Thursday, 8 February 2018

Matters of Public Importance

Charities

3:48 pm

Photo of Tim WilsonTim Wilson (Goldstein, Liberal Party) Share this | Hansard source

I always welcome the interjections of those opposite in arguing that I live up to the title of 'Freedom Boy'. It is a title I wear with pride—so I encourage you to keep doing so. But let's not get distracted from the substance of this MPI put forward by the member for Fenner, which is of course that we all support the purpose and mission of charities. Everybody in this place—on this side of the House and on that side of the House—does. I imagine even the crossbenchers and even the Marxist member for Melbourne may see some room for the private sector that private citizens or organisations can do charitable works.
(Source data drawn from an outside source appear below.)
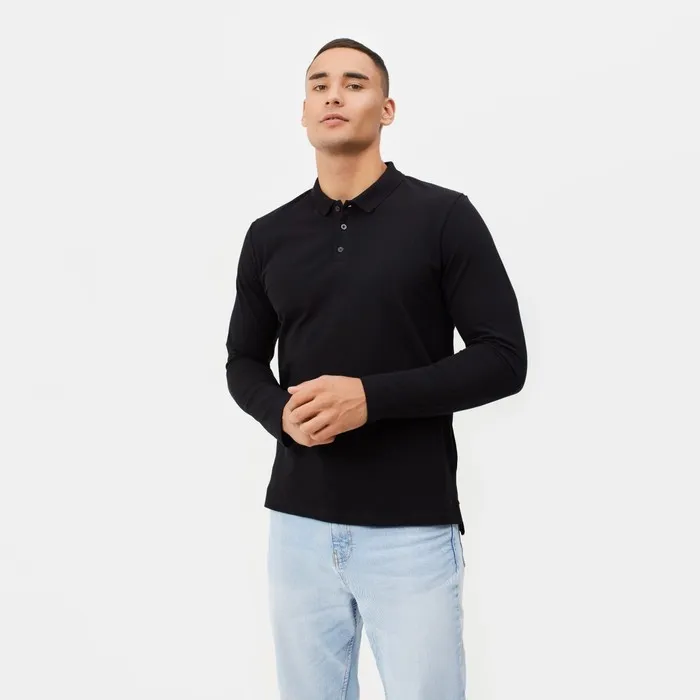 Футболка поло с длинным рукавом мужская MINAKU чёрная, р-р 52 — Характеристики
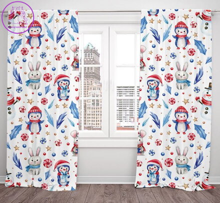 Závěsy dekorační vánoční tištěné 2x140x250cm - Zimní radovánky
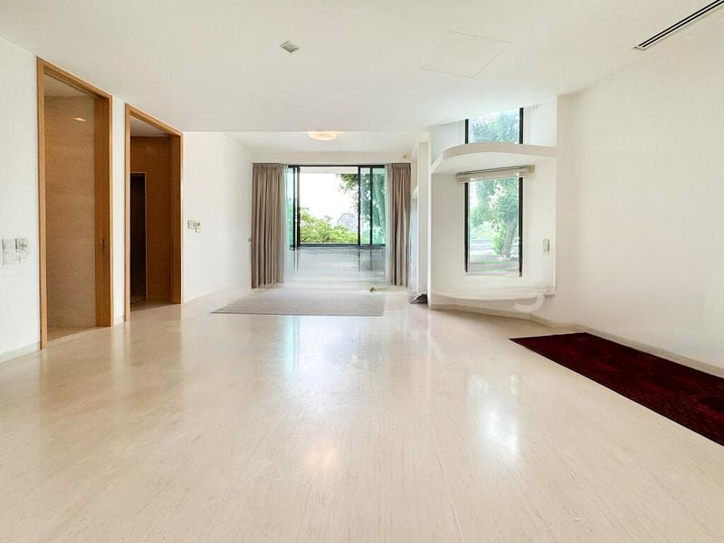 Step into a sanctuary of light and space, where abundant natural light floods through floor-to-ceiling windows, illuminating the elegant finishes throughout. The airy ambiance is complemented by views of the lush greenery and the shimmering city skyline, creating a perfect backdrop for relaxation and entertainment.

We all agree that, when donations are made in this country, they should, of course, go to the people to which they are served, to try to minimise overheads and to make sure that people can get the support and assistance they need and that, even if the money is given in pursuit of helping people overseas, it will see its same destination. Of course, we want people to participate in charities and be constructive and be part of it. But there are some things I would hope we also agree on. I would hope that we agree on the idea that, when people give money to charities, it's used, as I said, for people, and not for some people to get elected to parliament. We also believe that charities should not become siphons to fund political campaigns to distort our democracy. Those things are exactly what many of the bills that have been put before this parliament by this government seek to do.

I am hearing a lot of complaining from the other side. There have been some very entertaining and somewhat hysterical over-reactions, but what I haven't heard is any solutions. What I've heard is a lot of complaints but no solutions. The offer is always there to those opposite to put constructive ideas on the table, but we're not actually hearing that one little bit. In the end, this whole MPI is setting up for one purpose, which is that the member for Fenner was given the task by his whip: 'Can you come up with a matter of public importance today?' He looked around and would have said: 'I've said so many things. I've talked about how you should cut taxes, so I won't do it on that, because that would embarrass me and make a fool of me. I looked around and realised that there was all this research which said I believe in free markets, so I can't attack the government on its economic policy, because that would make me look a fool. So often I've written about why I believe in cutting back red tape'—and he still couldn't find anything! So he thought, 'I know—I'm going to put forward an MPI that says the government is undermining Australia's charities and then come up with a long, purposeless list of confected outrage against a former Labor minister.'

It's not normally my practice to support and defend Labor ministers. You normally would leave that up to those people on the other side, on the opposition benches. But the reality is they're now eating their own young. This is how it works in the modern Labor Party. Once you turn your back on them and accept an appointment from a coalition government to do work, to actually improve the future of this nation, to stand up and support the charities which will enable Australians to continue to donate with confidence, their response is to mock, to ridicule and to undermine. And they have the temerity to talk about the idea that they believe in free speech, while consistently demanding, saying he isn't up to the job, on the basis that he has opinions and has expressed them. This is the reality of the modern Labor Party. It is completely disconnected from reality and isn't focused on what actually needs to be done.

There are laws that need to be introduced in this country to make sure we can have confidence in the charitable sector. We all agree with that. It is important that those laws are targeted and specific to make sure that the money that people donate to charities for pursuit of a cause actually gets delivered and helps the people that they care about. What there is concern about across the general community—and, yes, inside the parliament—is that that is not happening. In some cases, what we're seeing is charities engaging in activity that goes beyond their remit, that goes beyond the purpose of influencing and having a discussion around public debate and to improve the delivery of public services, which improves the lives of Australians, toward a process where you can see the risk where charities can become agents—as it's just been acknowledged by the shadow Attorney-General—for the pursuit of foreign interests. We have to stand up for our country and its interests.